Directions for this task:
From the listing below, restate word for word the lines from the line containing "カット済み木材を電動工具で組" down through the line containing "Flared Sleeve Shirt". Exclude pictures.

Supplied entries:
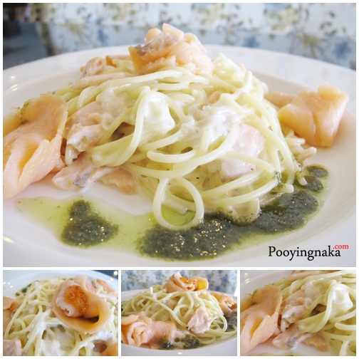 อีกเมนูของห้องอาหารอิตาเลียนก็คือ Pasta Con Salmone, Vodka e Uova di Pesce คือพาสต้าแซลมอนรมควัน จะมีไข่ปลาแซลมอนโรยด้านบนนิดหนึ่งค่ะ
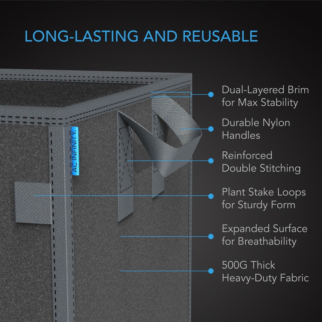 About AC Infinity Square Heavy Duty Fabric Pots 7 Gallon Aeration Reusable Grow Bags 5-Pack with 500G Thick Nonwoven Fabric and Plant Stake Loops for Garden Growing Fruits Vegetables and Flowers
--
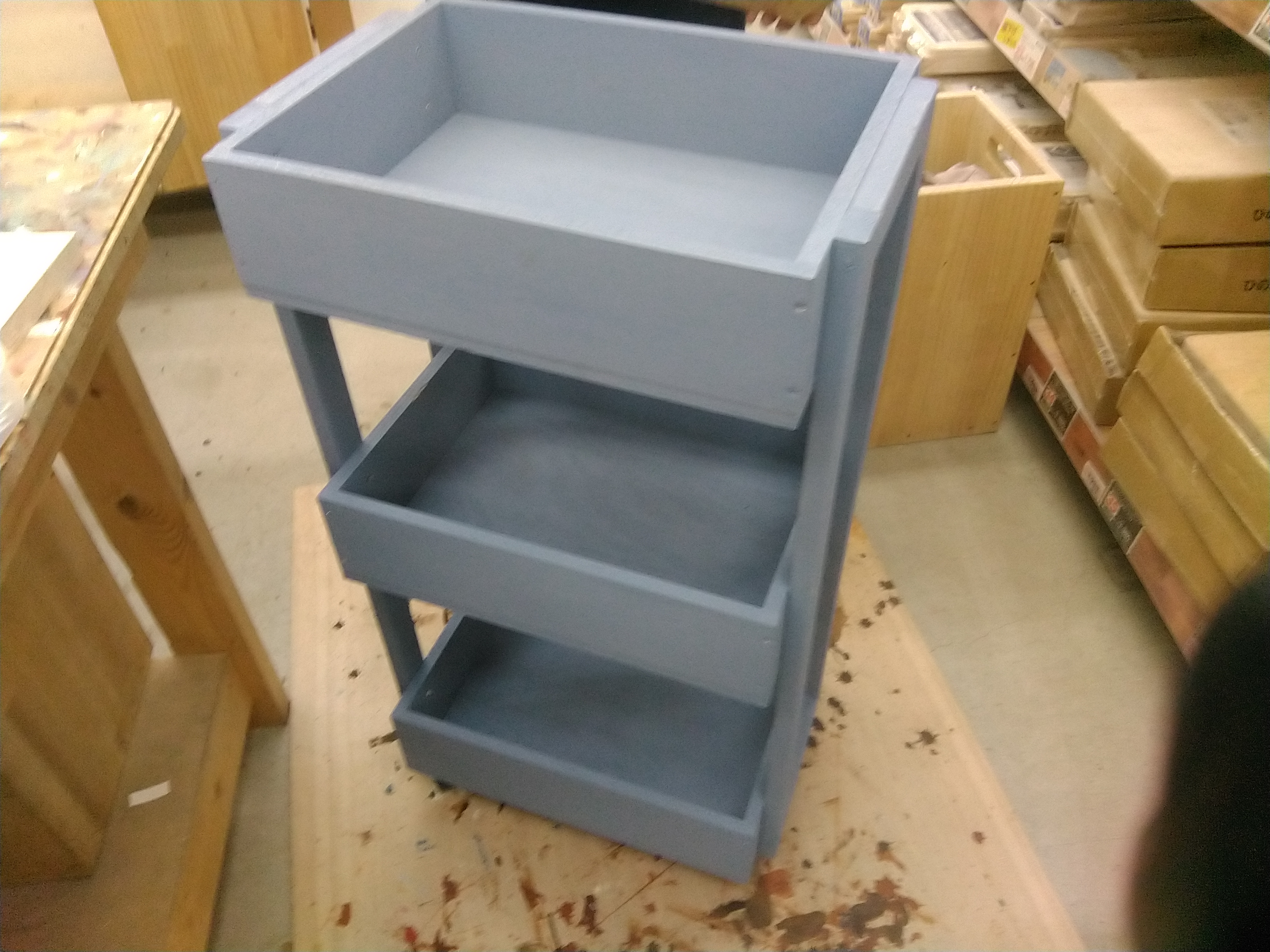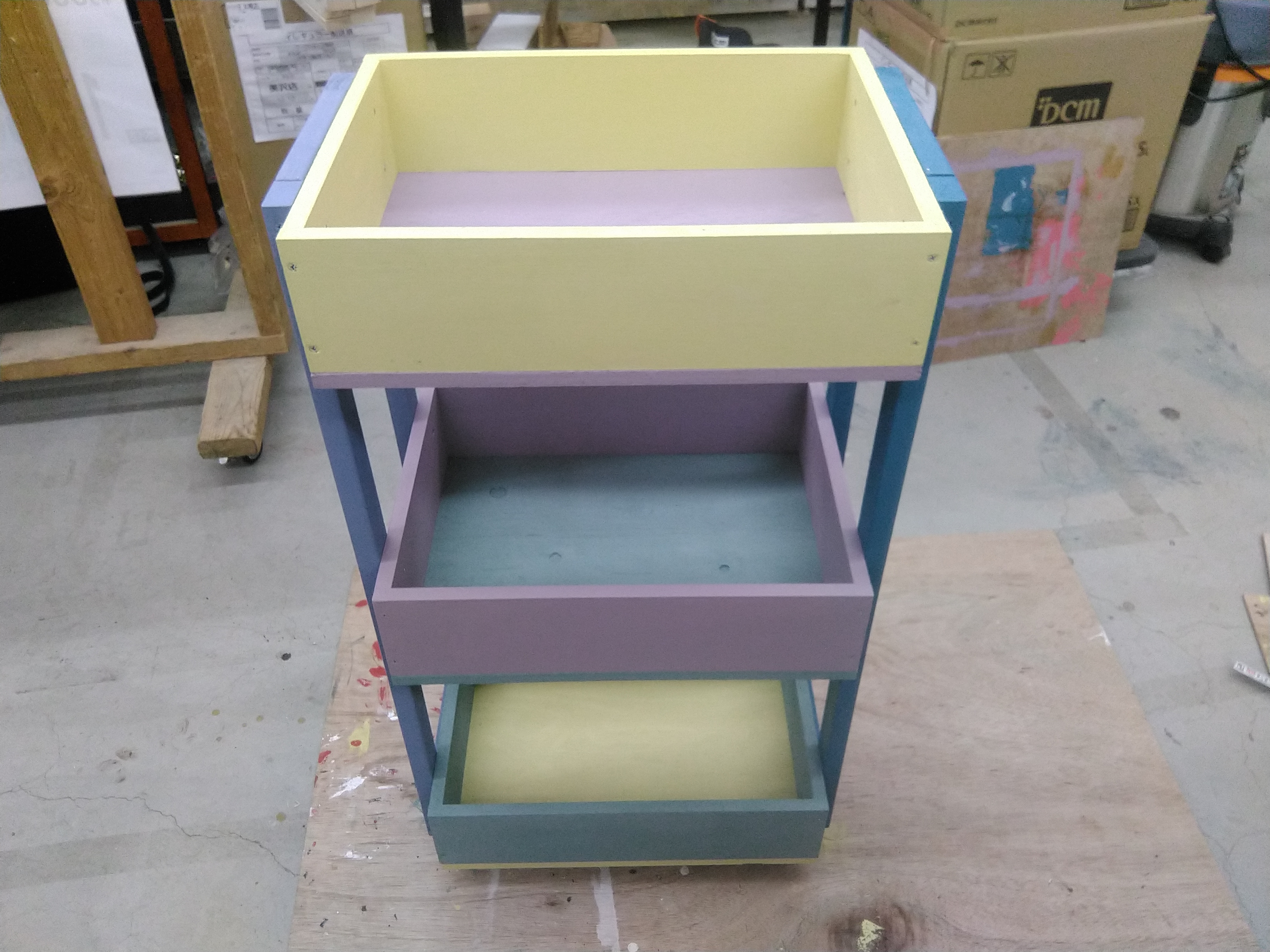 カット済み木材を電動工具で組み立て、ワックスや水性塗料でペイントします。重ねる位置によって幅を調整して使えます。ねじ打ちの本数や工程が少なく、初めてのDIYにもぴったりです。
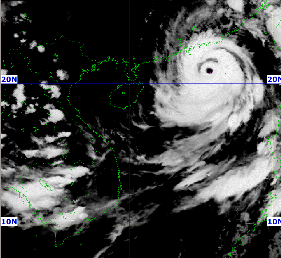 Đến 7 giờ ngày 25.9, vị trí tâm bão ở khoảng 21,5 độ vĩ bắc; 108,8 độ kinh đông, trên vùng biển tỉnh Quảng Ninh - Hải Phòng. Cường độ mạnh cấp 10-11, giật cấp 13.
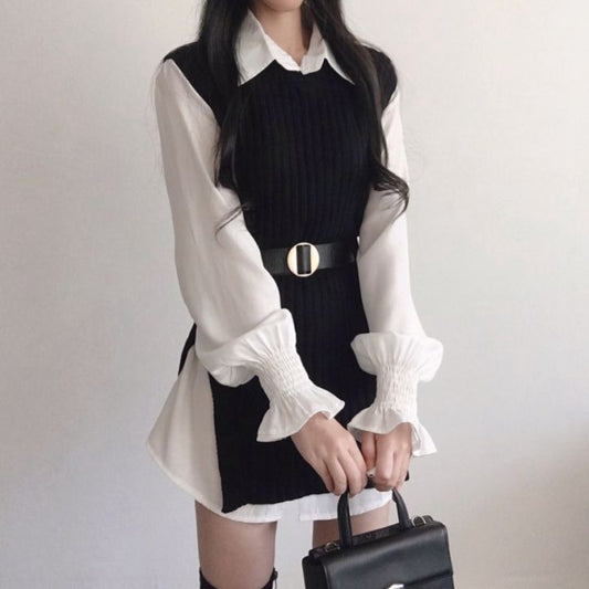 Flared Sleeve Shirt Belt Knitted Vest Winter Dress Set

Final answer:
 カット済み木材を電動工具で組み立て、ワックスや水性塗料でペイントします。重ねる位置によって幅を調整して使えます。ねじ打ちの本数や工程が少なく、初めてのDIYにもぴったりです。
 Đến 7 giờ ngày 25.9, vị trí tâm bão ở khoảng 21,5 độ vĩ bắc; 108,8 độ kinh đông, trên vùng biển tỉnh Quảng Ninh - Hải Phòng. Cường độ mạnh cấp 10-11, giật cấp 13.
 Flared Sleeve Shirt Belt Knitted Vest Winter Dress Set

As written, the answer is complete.